Administration details Biden’s plan to provide $80B to IRS
The Treasury Department on Wednesday provided more details about President Biden’s proposal to boost IRS funding and strengthen compliance with tax laws, saying that these initiatives would generate $700 billion in net revenue over a decade.
“A robust and sustained investment in the IRS is necessary to ensure it can do its job of
administering a fair and effective tax system,” the department said in a fact sheet. “The IRS requires more resources to conduct investigations into underreported income and to pursue high-income taxpayers who evade their tax liability through complex schemes.”
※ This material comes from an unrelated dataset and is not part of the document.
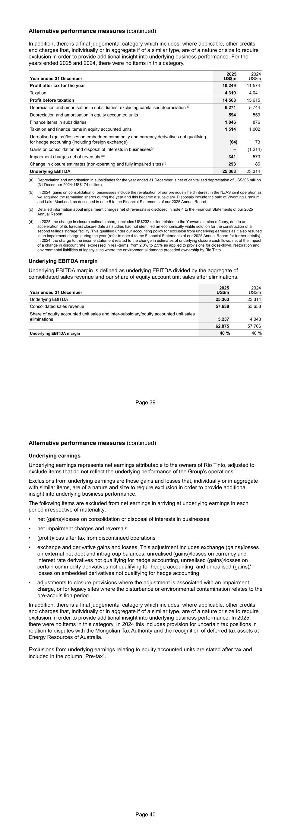 Alternative performance measures (continued) In addition, there is a final judgemental category which includes, where applicable, other credits and charges that, individually or in aggregate if of a similar type, are of a nature or size to require exclusion in order to provide additional insight into underlying business performance. For the years ended 2025 and 2024, there were no items in this category. Year ended 31 December 2025 US$m 2024 US$m Profit after tax for the year 10,249 11,574 Taxation 4,319 4,041 Profit before taxation 14,568 15,615 Depreciation and amortisation in subsidiaries, excluding capitalised depreciation(a) 6,271 5,744 Depreciation and amortisation in equity accounted units 594 559 Finance items in subsidiaries 1,846 876 Taxation and finance items in equity accounted units 1,514 1,002 Unrealised (gains)/losses on embedded commodity and currency derivatives not qualifying for hedge accounting (including foreign exchange) (64) 73 Gains on consolidation and disposal of interests in businesses(b) – (1,214) Impairment charges net of reversals (c) 341 573 Change in closure estimates (non-operating and fully impaired sites)(d) 293 86 Underlying EBITDA 25,363 23,314 (a) Depreciation and amortisation in subsidiaries for the year ended 31 December is net of capitalised depreciation of US$306 million (31 December 2024: US$174 million). (b) In 2024, gains on consolidation of businesses include the revaluation of our previously held interest in the NZAS joint operation as we acquired the remaining shares during the year and this became a subsidiary. Disposals include the sale of Wyoming Uranium and Lake MacLeod, as described in note 5 to the Financial Statements of our 2025 Annual Report. (c) Detailed information about impairment charges net of reversals is disclosed in note 4 to the Financial Statements of our 2025 Annual Report. (d) In 2025, the change in closure estimate charge includes US$233 million related to the Yarwun alumina refinery, due to an acceleration of its forecast closure date as studies had not identified an economically viable solution for the construction of a second tailings storage facility. This qualified under our accounting policy for exclusion from underlying earnings as it also resulted in an impairment charge during the year (refer to note 4 to the Financial Statements of our 2025 Annual Report for further details). In 2024, the charge to the income statement related to the change in estimates of underlying closure cash flows, net of the impact of a change in discount rate, expressed in real-terms, from 2.0% to 2.5% as applied to provisions for close-down, restoration and environmental liabilities at legacy sites where the environmental damage preceded ownership by Rio Tinto. Underlying EBITDA margin Underlying EBITDA margin is defined as underlying EBITDA divided by the aggregate of consolidated sales revenue and our share of equity account unit sales after eliminations. Year ended 31 December 2025 US$m 2024 US$m Underlying EBITDA 25,363 23,314 Consolidated sales revenue 57,638 53,658 Share of equity accounted unit sales and inter-subsidiary/equity accounted unit sales eliminations 5,237 4,048 62,875 57,706 Underlying EBITDA margin 40 % 40 % Page 39 Alternative performance measures (continued) Underlying earnings Underlying earnings represents net earnings attributable to the owners of Rio Tinto, adjusted to exclude items that do not reflect the underlying performance of the Group’s operations. Exclusions from underlying earnings are those gains and losses that, individually or in aggregate with similar items, are of a nature and size to require exclusion in order to provide additional insight into underlying business performance. The following items are excluded from net earnings in arriving at underlying earnings in each period irrespective of materiality: • net (gains)/losses on consolidation or disposal of interests in businesses • net impairment charges and reversals • (profit)/loss after tax from discontinued operations • exchange and derivative gains and losses. This adjustment includes exchange (gains)/losses on external net debt and intragroup balances, unrealised (gains)/losses on currency and interest rate derivatives not qualifying for hedge accounting, unrealised (gains)/losses on certain commodity derivatives not qualifying for hedge accounting, and unrealised (gains)/ losses on embedded derivatives not qualifying for hedge accounting • adjustments to closure provisions where the adjustment is associated with an impairment charge, or for legacy sites where the disturbance or environmental contamination relates to the pre-acquisition period. In addition, there is a final judgemental category which includes, where applicable, other credits and charges that, individually or in aggregate if of a similar type, are of a nature or size to require exclusion in order to provide additional insight into underlying business performance. In 2025, there were no items in this category. In 2024 this includes provision for uncertain tax positions in relation to disputes with the Mongolian Tax Authority and the recognition of deferred tax assets at Energy Resources of Australia. Exclusions from underlying earnings relating to equity accounted units are stated after tax and included in the column “Pre-tax”. Page 40

The additional details come after the White House released Biden’s $1.8 trillion human-infrastructure proposal, called the American Families Plan, earlier in the day. Biden’s plan calls for enhancing the IRS’s enforcement efforts against wealthy individuals and businesses in order to help pay for new federal spending in areas such as child care and education.
Biden is set to discuss the plan in a speech Wednesday night before a joint session of Congress.
Treasury said that Biden’s plan would provide the IRS with about $80 billion over a decade to be used in areas such as modernizing technology to help the agency identify tax evasion, hiring and training auditors, and improving customer service. The department said that additional funds for enforcement will be focused on efforts to audit high-income taxpayers and businesses rather than middle-class Americans.
Biden’s plan would also direct financial institutions to report more information to the IRS, which would help the agency better target its tax-enforcement efforts. And it would give the IRS the ability to regulate paid tax-return preparers and enhance penalties for preparers who defraud taxpayers.
Biden’s proposal comes after IRS Commissioner Charles Rettig said at a Senate hearing earlier this month that the gap between the amount of taxes owed and those paid on time could be $1 trillion annually. The IRS saw budget cuts over much of the last decade, causing its staffing levels and audit rates to drop.
Biden’s families plan is not expected to get any Republican support, in part because it also proposes raising tax rates for high-income households. However, lawmakers on both sides of the aisle have expressed an interest in helping to ensure that individuals and businesses pay the taxes that they already owe.